Caltech Core-Collapse Project (CCCP) observations of type IIn supernovae: typical properties and implications for their progenitor stars

TL;DR

This study analyzes four Type IIn supernovae observed by CCCP, revealing common spectral features, light curve properties, and progenitor star mass-loss rates, suggesting they originate from LBV-like stars shortly before explosion.

Contribution

First unbiased sample analysis of SNe IIn revealing common spectral and light curve features, and linking progenitors to LBV-like mass loss prior to explosion.

Findings

Narrow P-Cygni hydrogen lines are ubiquitous in SNe IIn.

Typical rise time >20 days and peak magnitude around -18.4 mag.

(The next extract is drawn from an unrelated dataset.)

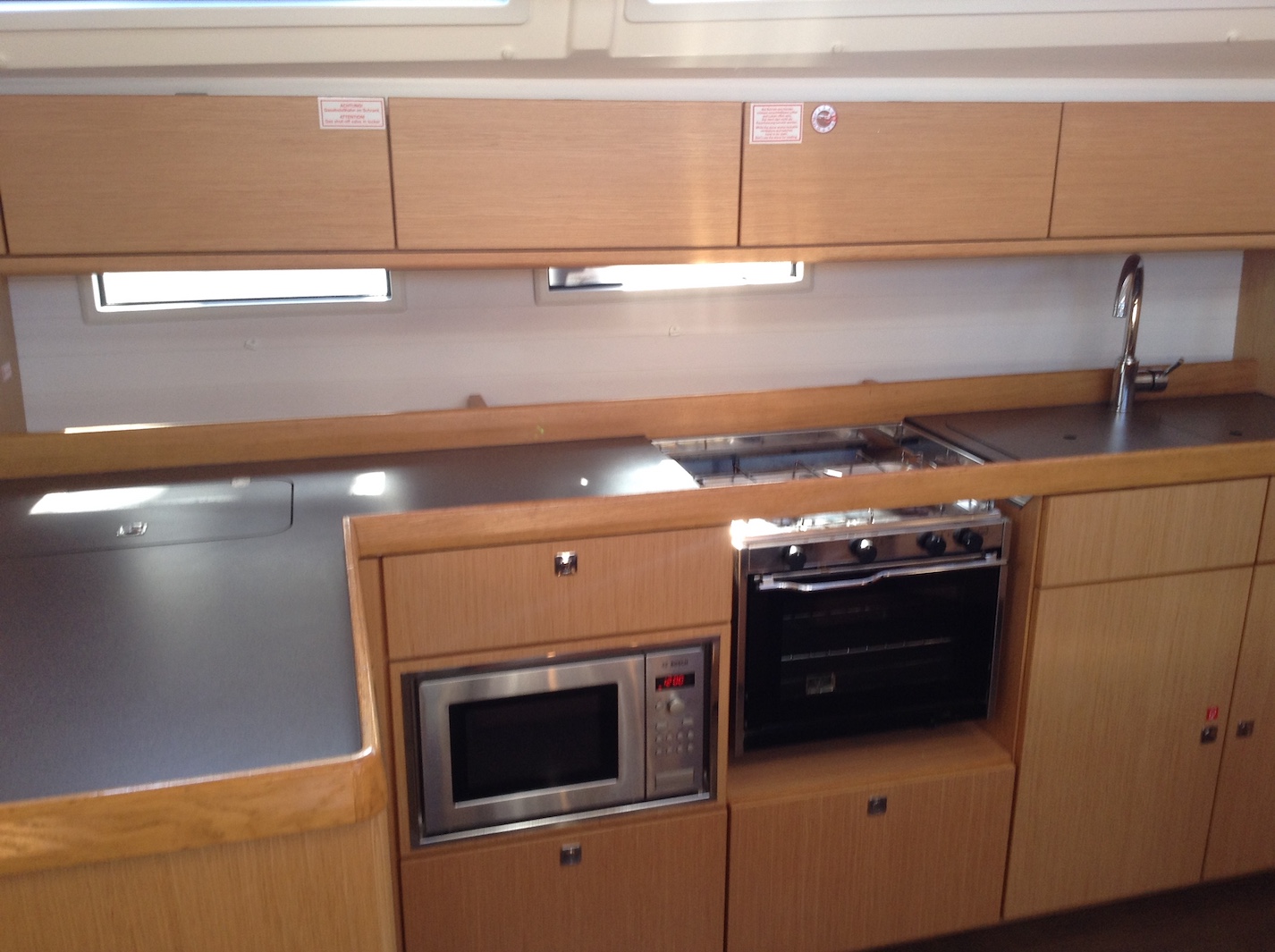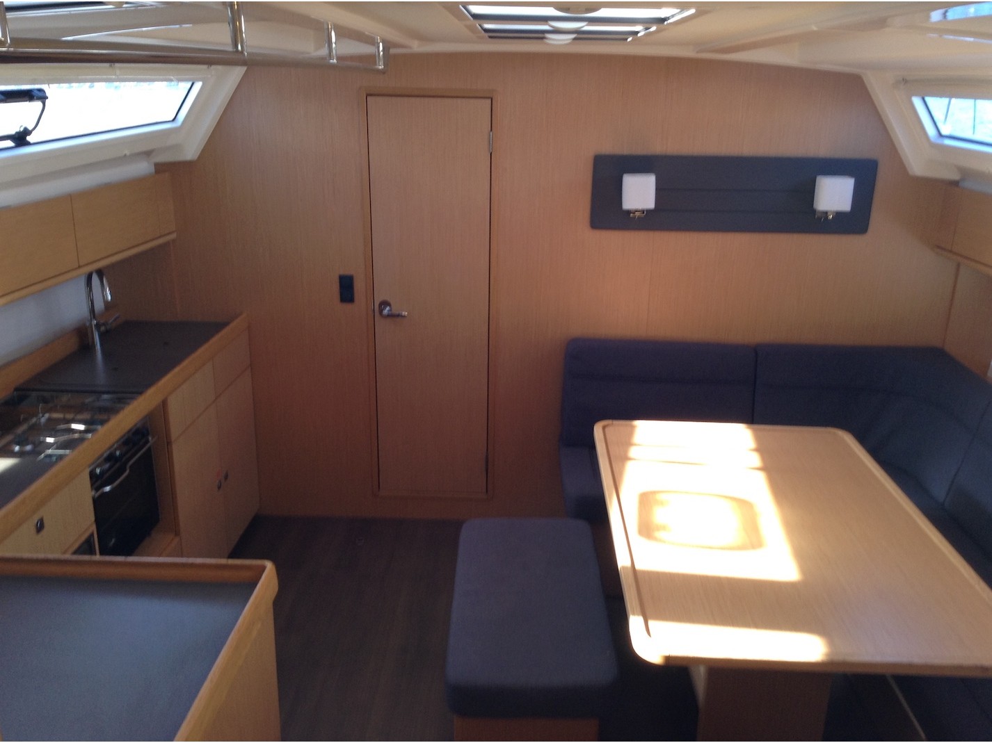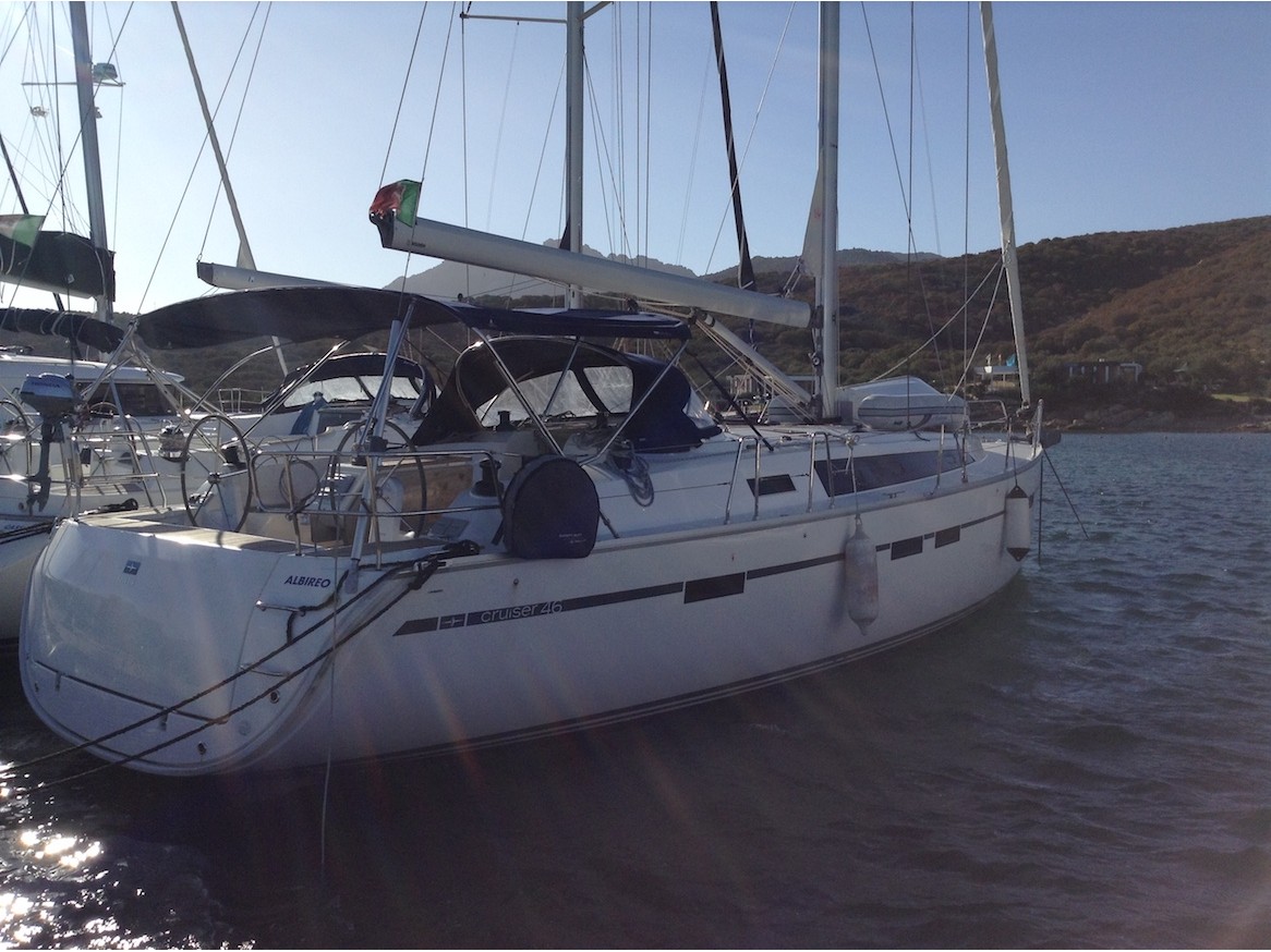 Biminitop, Furling mainsail, Autopilot, Auxiliary anchor, Auxiliary rudder, Bow thruster, CD reader, Cockpit cushions, Cutlery, Dinghy, Distress flaires, Electric bathing platform, Electric fridge, Electric windlass, First aid kit, GPS + chart plotter, Inflatable life jackets, Life jackets, Liferaft, Shore power connection, Sprayhood, VHF, Teak cockpit, Warm water, Wind instruments, Electric toilets, Cockpit Speakers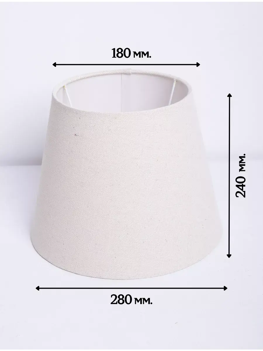 Декоративный абажур для торшера, выполненный в трендовом стиле лофт, от бренда Пермский Свет - это уютный элемент интерьера для вашего дома! Изделие ручной работы, выполненное из гипоаллергенной ткани и пластика, имеет классическую форму усеченного конуса. Тканевый материал, выбранный для основы, идеален для создания уютной атмосферы в вашей гостиной или спальне. Модель базового молочного цвета подходит для большинства напольных и настольных торшеров с любым основанием с креплением патрона e27. Она станет настоящим украшением вашего светильника и прекрасно дополнит домашний интерьер, а большой диаметр обеспечивает идеальное освещение. Текстильное изделие с металлическим каркасом прекрасно подойдет для квартиры, загородного дома или дачи. Стильный абажур, имеющий лаконичный и минималистичный дизайн, впишется в любое интерьерное оформление комнаты: от классики до модерна, лофта, сканди или прованс. Все изделия бренда Пермский Свет производятся в России, на нашем собственном производстве и имеют строгий контроль на каждом этапе изготовления, благодаря чему обладают самым высоким качеством. Мы предпочитаем не экономить и закупаем только проверенное сырье. Все изделия создаются на нашей собственной фабрике полностью вручную. Мы используем только высококачественные ткани и материалы, чтобы произвести товары премиум-класса. Каждая деталь тщательно продумана нашими дизайнерами, поэтому не нареканий не будет даже у людей с очень требовательным вкусом. Мы уверены, что легкий и красивый абажур универсального молочного цвета прекрасно дополнит декор любой вашей комнаты и станет ее украшением. Модель имеет прочный стальной каркас, покрытый надежной порошковой краской, и основание из пластика. Супер - трендовый предмет интерьера подойдет ко многим торшерам с цоколем лампочки е27. Он станет отличным решением и для дома, и для дачи и поможет вам обновить внешний вид вашей настольной лампы. Еще одним плюсом этого аксессуара является то, что он может быть универсальным подарком для любого праздника. Вы можете преподнести его маме, бабушке или жене на новоселье, 8 Марта, день рождения или любой другой праздничный повод. У нас есть акции и распродажи, вы можете купить наши товары в подарок или со скидкой!

Progenitor stars exhibit high mass-loss rates (0.026-0.12 M_sun/yr).

Abstract

Type IIn Supernovae (SNe IIn) are rare events, constituting only a few percent of all core-collapse SNe, and the current sample of well observed SNe IIn is small. Here, we study the four SNe IIn observed by the Caltech Core-Collapse Project (CCCP). The CCCP SN sample is unbiased to the extent that object selection was not influenced by target SN properties. Therefore, these events are representative of the observed population of SNe IIn. We find that a narrow P-Cygni profile in the hydrogen Balmer lines appears to be a ubiquitous feature of SNe IIn. Our light curves show a relatively long rise time (>20 days) followed by a slow decline stage (0.01 to 0.15 mag/day), and a typical V-band peak magnitude of M_V=-18.4 +/- 1.0 mag. We measure the progenitor star wind velocities (600 - 1400 km/s) for the SNe in our sample and derive pre-explosion mass loss rates (0.026 - 0.12 solar masses per year). We compile similar data for SNe IIn from the literature, and discuss our results in the context of this larger sample. Our results indicate that typical SNe IIn arise from progenitor stars that undergo LBV-like mass-loss shortly before they explode.